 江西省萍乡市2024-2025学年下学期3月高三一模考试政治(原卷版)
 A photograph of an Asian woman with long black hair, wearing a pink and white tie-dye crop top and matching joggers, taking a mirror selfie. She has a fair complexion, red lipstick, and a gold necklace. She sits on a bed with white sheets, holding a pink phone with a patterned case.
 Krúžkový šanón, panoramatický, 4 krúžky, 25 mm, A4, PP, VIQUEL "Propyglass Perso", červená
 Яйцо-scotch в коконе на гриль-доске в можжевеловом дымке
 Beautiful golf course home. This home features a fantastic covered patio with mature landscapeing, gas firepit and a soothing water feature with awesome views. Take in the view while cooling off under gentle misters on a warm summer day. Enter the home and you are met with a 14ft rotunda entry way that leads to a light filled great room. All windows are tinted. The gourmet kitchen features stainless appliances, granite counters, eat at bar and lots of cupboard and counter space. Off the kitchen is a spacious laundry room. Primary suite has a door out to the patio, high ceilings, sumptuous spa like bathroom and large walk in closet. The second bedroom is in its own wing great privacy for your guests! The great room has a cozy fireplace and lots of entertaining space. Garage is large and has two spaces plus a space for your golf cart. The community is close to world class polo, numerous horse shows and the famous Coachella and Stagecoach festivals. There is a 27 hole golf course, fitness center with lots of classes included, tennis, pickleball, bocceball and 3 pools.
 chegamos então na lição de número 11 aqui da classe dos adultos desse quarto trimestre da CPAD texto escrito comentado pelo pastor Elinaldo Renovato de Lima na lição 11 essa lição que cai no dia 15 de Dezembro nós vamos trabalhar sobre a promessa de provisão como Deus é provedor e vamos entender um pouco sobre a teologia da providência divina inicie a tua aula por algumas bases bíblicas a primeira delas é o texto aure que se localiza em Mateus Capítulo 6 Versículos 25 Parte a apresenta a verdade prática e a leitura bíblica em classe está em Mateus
---
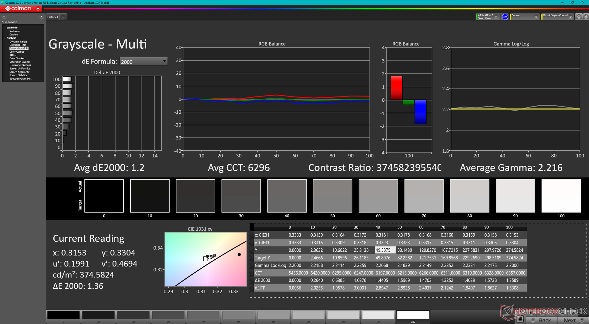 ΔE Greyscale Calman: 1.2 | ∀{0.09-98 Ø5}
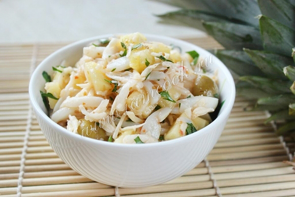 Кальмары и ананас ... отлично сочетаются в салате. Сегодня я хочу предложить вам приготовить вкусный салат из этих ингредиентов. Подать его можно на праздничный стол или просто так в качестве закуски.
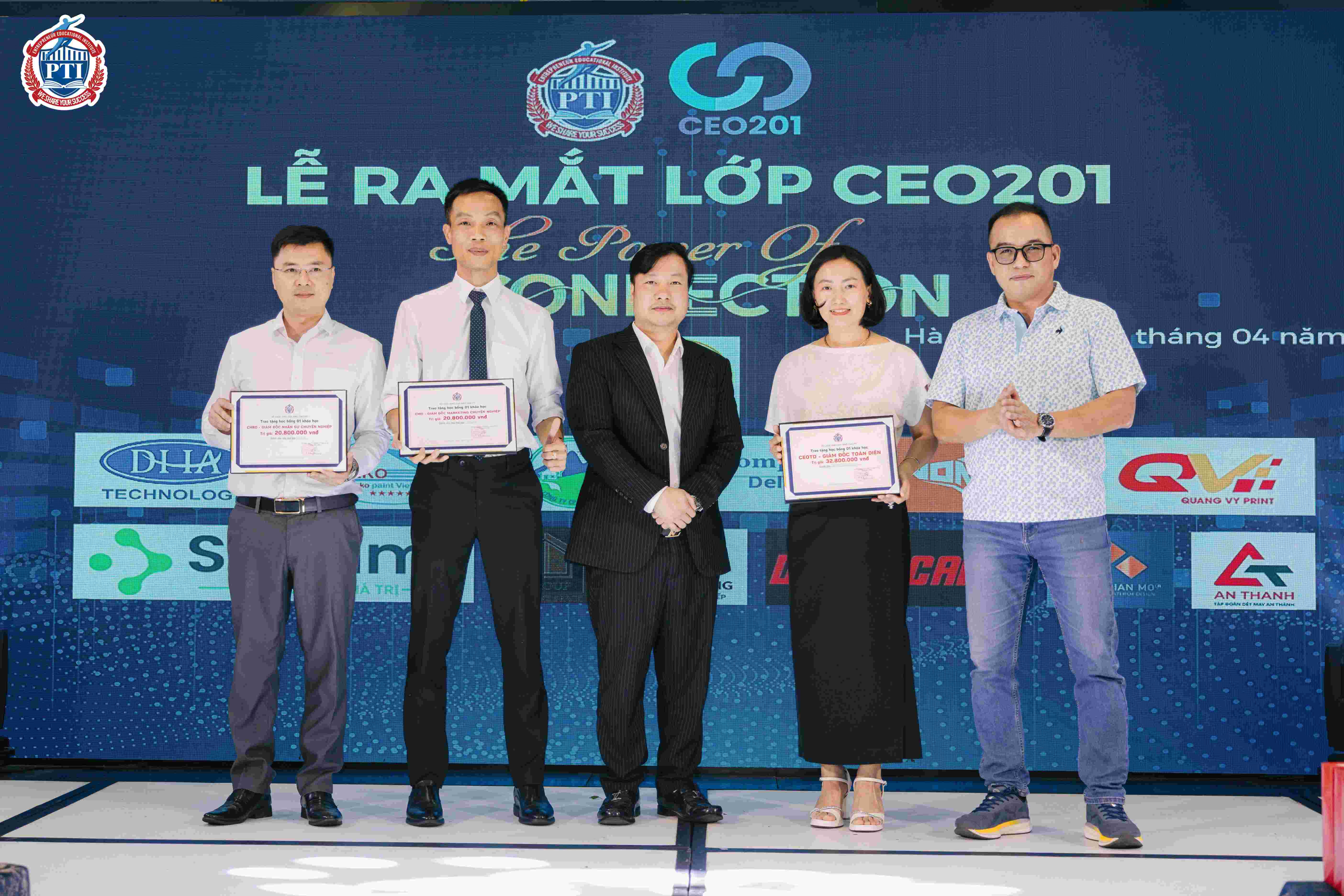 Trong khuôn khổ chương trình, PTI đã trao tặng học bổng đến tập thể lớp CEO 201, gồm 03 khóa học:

About this exercise ▸ Set down, from the entries above, exactly the lines from the one with "Яйцо-scotch в коконе" up to and including the one with "chegamos então na", and no other lines.

Task answer ▸
 Яйцо-scotch в коконе на гриль-доске в можжевеловом дымке
 Beautiful golf course home. This home features a fantastic covered patio with mature landscapeing, gas firepit and a soothing water feature with awesome views. Take in the view while cooling off under gentle misters on a warm summer day. Enter the home and you are met with a 14ft rotunda entry way that leads to a light filled great room. All windows are tinted. The gourmet kitchen features stainless appliances, granite counters, eat at bar and lots of cupboard and counter space. Off the kitchen is a spacious laundry room. Primary suite has a door out to the patio, high ceilings, sumptuous spa like bathroom and large walk in closet. The second bedroom is in its own wing great privacy for your guests! The great room has a cozy fireplace and lots of entertaining space. Garage is large and has two spaces plus a space for your golf cart. The community is close to world class polo, numerous horse shows and the famous Coachella and Stagecoach festivals. There is a 27 hole golf course, fitness center with lots of classes included, tennis, pickleball, bocceball and 3 pools.
 chegamos então na lição de número 11 aqui da classe dos adultos desse quarto trimestre da CPAD texto escrito comentado pelo pastor Elinaldo Renovato de Lima na lição 11 essa lição que cai no dia 15 de Dezembro nós vamos trabalhar sobre a promessa de provisão como Deus é provedor e vamos entender um pouco sobre a teologia da providência divina inicie a tua aula por algumas bases bíblicas a primeira delas é o texto aure que se localiza em Mateus Capítulo 6 Versículos 25 Parte a apresenta a verdade prática e a leitura bíblica em classe está em Mateus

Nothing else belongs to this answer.